From Publishers Weekly
In his reliable, rewarding series featuring middle-aged Boston lawyer Brady Coyne, Tapply combines intelligent plotting with consistent, fully dimensional characterization and prose that flows as easily as the trout streams Coyne loves to fish. In his 14th case (following The Seventh Enemy), Coyne recommends Paul Cizek, a fishing buddy and a defense attorney with a reputation as a miracle worker, to defend a client's son involved in a fatal DUI rap. Cizek takes and wins the case, but privately explains to Coyne how his victories are eating at him. He detests the people he is defending?the child molester, the Mafia hit man and now an unremorseful alcoholic. When Cizek, depressed and separated from his wife, disappears and his empty boat is found drifting in a storm, the police assume accident or suicide. But Coyne's investigation, undertaken at the behest of Cizek's wife, and accruing dead bodies suggest more sinister possibilities. As Coyne searches the wreckage of his friend's life for clues, his own deepening relationship with journalist Alexandria Shaw also faces a crisis. Tapply treats his characters and his readers with respect, and the result is another winning entry in a very satisfying series.

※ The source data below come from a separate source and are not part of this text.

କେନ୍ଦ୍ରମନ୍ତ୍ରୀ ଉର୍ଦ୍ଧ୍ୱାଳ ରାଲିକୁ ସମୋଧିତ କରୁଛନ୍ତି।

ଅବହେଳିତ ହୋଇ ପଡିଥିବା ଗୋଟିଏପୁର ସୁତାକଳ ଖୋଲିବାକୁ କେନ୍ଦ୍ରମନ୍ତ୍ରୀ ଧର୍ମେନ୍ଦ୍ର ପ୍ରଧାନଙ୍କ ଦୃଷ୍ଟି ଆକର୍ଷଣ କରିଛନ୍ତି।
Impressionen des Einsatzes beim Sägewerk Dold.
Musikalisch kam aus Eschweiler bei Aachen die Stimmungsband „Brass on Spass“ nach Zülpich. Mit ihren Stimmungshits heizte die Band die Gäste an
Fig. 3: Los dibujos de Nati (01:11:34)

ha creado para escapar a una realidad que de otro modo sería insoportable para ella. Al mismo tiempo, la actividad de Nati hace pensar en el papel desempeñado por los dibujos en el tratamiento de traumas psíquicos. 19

Copyright 1996 Reed Business Information, Inc.
From Booklist
A midlife crisis for Brady Coyne? Not Brady, the affable, paper-pushing lawyer who deals with boredom by fishing and investigating the occasional murder. Brady usually solves his friends' crises, midlife or otherwise, and that's how this latest adventure begins: first, he finds a criminal lawyer, Paul Cizek, to defend a client's son, whose drunk driving has resulted in an innocent woman's death. Then he searches for the disappeared lawyer, who is presumed dead after failing to overcome his own midlife crises, precipitated by the innocent verdict he secures for the clearly guilty drunk. Meanwhile, Brady must decide whether he is willing to disrupt his comfortable life to be with his friend and lover Alexandria, who is moving from Boston to Maine. Tapply rarely varies the successful formula of his Coyne novels, but this time, he adds several extra layers of expertly constructed plotting as well as some remarkably insightful musing on the tricky matter of changing one's life. A fine entry in a consistently entertaining series.